The UN Food and Agriculture Organisation (FAO) 2008 price index averaged 24% above the 2007 figure, and 57% higher than in 2006. The manufacture of bio-ethanol in the US — boosted by annual subsidies of $6bn to producers of “green gold” — considerably reduced the US supply of maize to the world market. Since maize is important as animal feed, scarcity, at a time when demand for meat was rising, also contributed to rising prices from 2006 on. “The other main food cereal, rice, followed more or less the same trend,” said economist Philippe Chalmin, “with prices in Bangkok rising from $250 to more than $1,000 a ton”. The world suddenly realised that in the 21st century, tens of millions of people were dying of hunger. But little was said or done.

Alarm in the US Senate

Speculation in food has increased following the financial crisis: turning their backs on the mess they had created, speculators — particularly hedge funds — moved into agricultural markets. To them, all the planet’s resources are fair game for speculation, including basic foods such as rice, maize and wheat, which together make up 75% of global food consumption (50% for rice). According to the FAO’s 2011 report, only 2% of futures contracts for raw materials end with the actual delivery of the product. The other 98% are traded by speculators before their expiry date.

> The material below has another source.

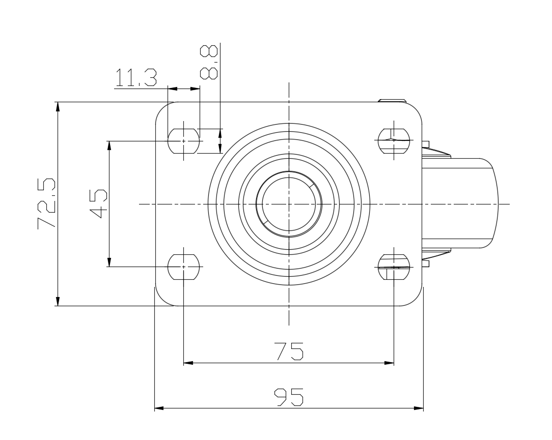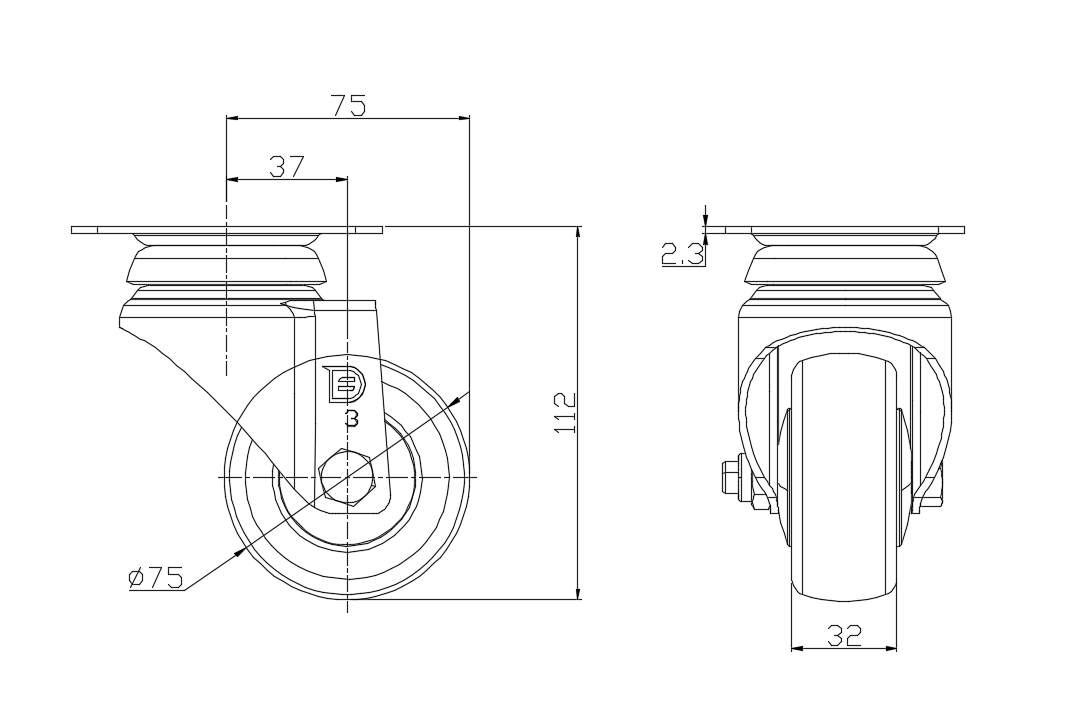 Swivel castor, Top Plate Riveted Stamping Fork - 75 x 45 mm (3" x 1-3/4") Bolt Hole Spacing Surface Zine-Plated, Top Plate Mounting Type Impact resistant High-quality Impact Resistance Polypropylene Wheel Center,High-Quality Thermoplastic Rubber (TPR) Wheel Tread Grey, Bearing - Ball Bearing. |

The phenomenon reached such proportions that the US Senate became concerned, and in July 2009 denounced “excessive speculation” in wheat, criticising the fact that some traders held as many as 53,000 wheat futures contracts at any one time. The Senate also complained that six index funds were currently authorised to hold 130,000 contracts on wheat at a time, 20 times more than the authorised limit for standard financial operators (4).

The US Senate is not alone in its alarm. In January 2011 another institution described the rise in raw material prices, particularly of food, as one of the five biggest threats to the wellbeing of nations, on a par with cyber warfare and terrorists with weapons of mass destruction. That institution was the World Economic Forum (WEF) in Davos.

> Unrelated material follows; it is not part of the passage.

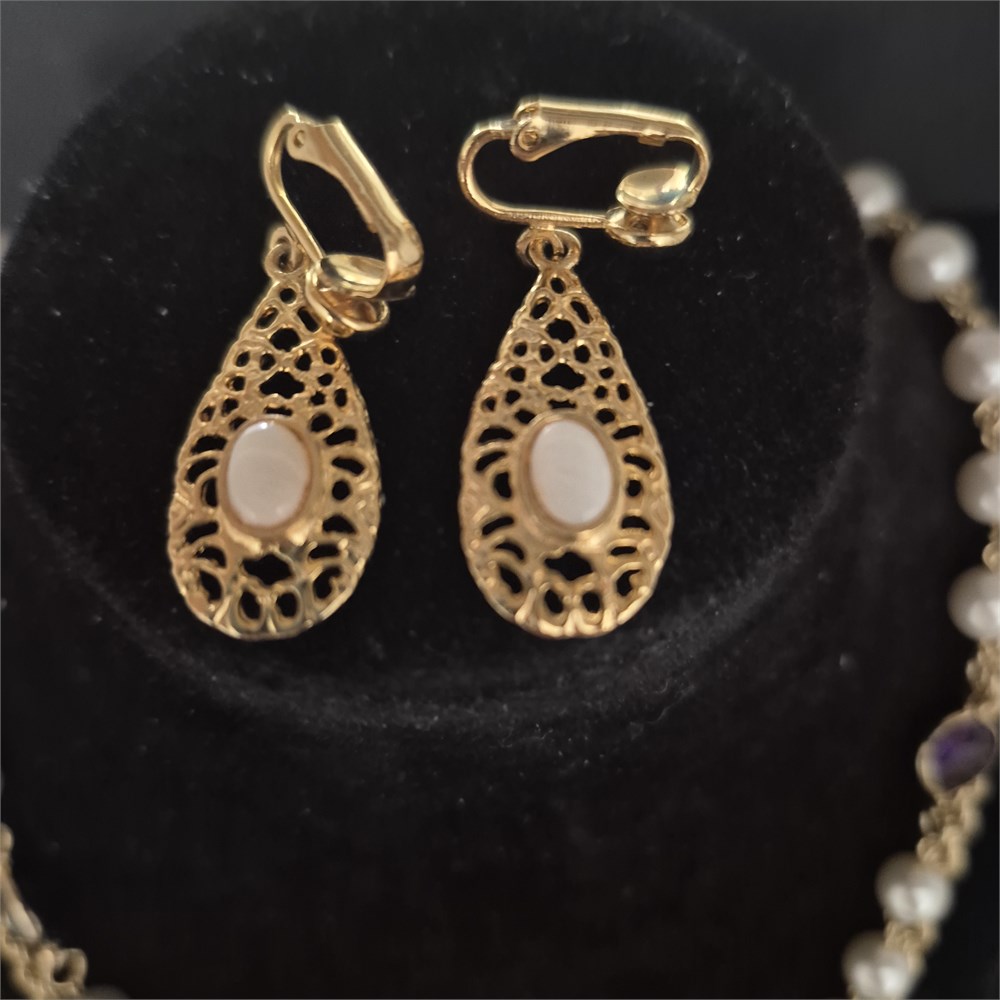 Vintage Pearl & Gold necklace with facet stones ~ earrings match [vc]

The criticism is surprising given this exclusive group’s method of recruitment. The WEF’s founder, Swiss economist Klaus Schwab, has not left membership of his 1,000-member club to chance. Only the heads of companies with a turnover of over $1bn are invited to join. Members pay a $10,000 fee, which gives them access to all meetings. They include many speculators.

The opening speeches in Davos in 2011 clearly outlined the problem. Delegates strongly condemned “irresponsible speculators” who, seeking only profit, destroyed food markets and increased global hunger. The issue was discussed at seminars, conferences, cocktail parties and private meetings in hotels. It seems odd that global hunger finds its most attentive audience in the fondue restaurants, bars and bistros of Davos.

Flassbeck came up with a radical solution to defeat the speculators, and protect agricultural raw materials from their repeated attacks: removing food from their grasp. He proposes that the UN give Unctad worldwide control over setting stock prices for agricultural raw materials. Only producers, traders and users of these materials would be able to intervene on the futures markets. Anyone who traded wheat, rice, or oil, would have to deliver the goods. It would also be advisable to impose a high minimum level of self-finance on traders. Anyone who did not make use of a traded good would be excluded from the stock exchange.

If the “Flassbeck method” were implemented, it would remove speculation from the basics of survival, and hinder the financialisation of food markets. A coalition of research and non-governmental organisations vigorously supports Flassbeck and Unctad’s proposal. But governments lack the will to implement it.